"You think as I'd help him, maybe. Not a bit o' me! I
don't harbor no guilty parties, Cinderella, as I ha' told yer heaps and
heaps o' times. No, he's guilty, and he goes ter prison; there ain't
nothink hard in sending him ter prison."
"It ha' seemed ter me often lately, Pickles, as it must be harder to lie
in prison guilty than not guilty--you ha'nt, nothink ter trouble yer
mind ef yer ain't guilty."
"Well then, I s'pose, in that case, as yer'll give yerself hup."
"I'd a deal rayther be in hiding with yer, Pickles; but I don't feel as
ef I _could_ put Mr. Harris in prison."
"Then you must go yerself, fur this thing can't go on fur ever."
Sue looked frightened, and her commonplace gray eyes fell to the ground.
She took up the poker and began to trace a pattern on the floor: it was
as intricate as her own fate just now.

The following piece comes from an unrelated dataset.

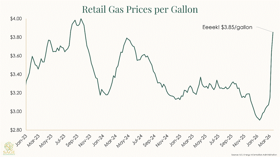 Diesel prices surged above $5.00/gallon for the first time since 2022. That’s going to hurt a lot of parts of the economy in a lot of different ways. Food prices are headed higher as is any good that needs to be transported in the near-term.
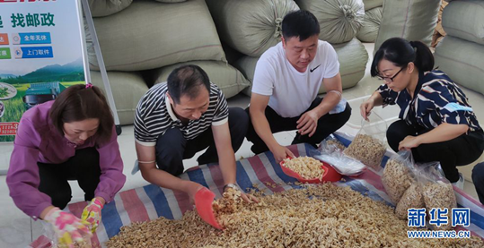 9月3日,陜西勉縣楊莊村村民將木耳中的“白富美”——玉木耳裝袋打包。新華網(wǎng)記者李志強 攝

She was a little heroine,
however, and her noble thoughts redeemed all plainness from her face
when at last she spoke:
"Once, Pickles, arter mother died we was brought down wery low. I had a
dreadful influenzy, and I couldn't nohow go to the machining, and we
were near starving. Mr. Harris lent me a shilling that time, and we
pulled through. Another time I couldn't meet the rent, and Connie, she
begged of her father, and he give me the money; and when I offerd it him
back again he wouldn't take it.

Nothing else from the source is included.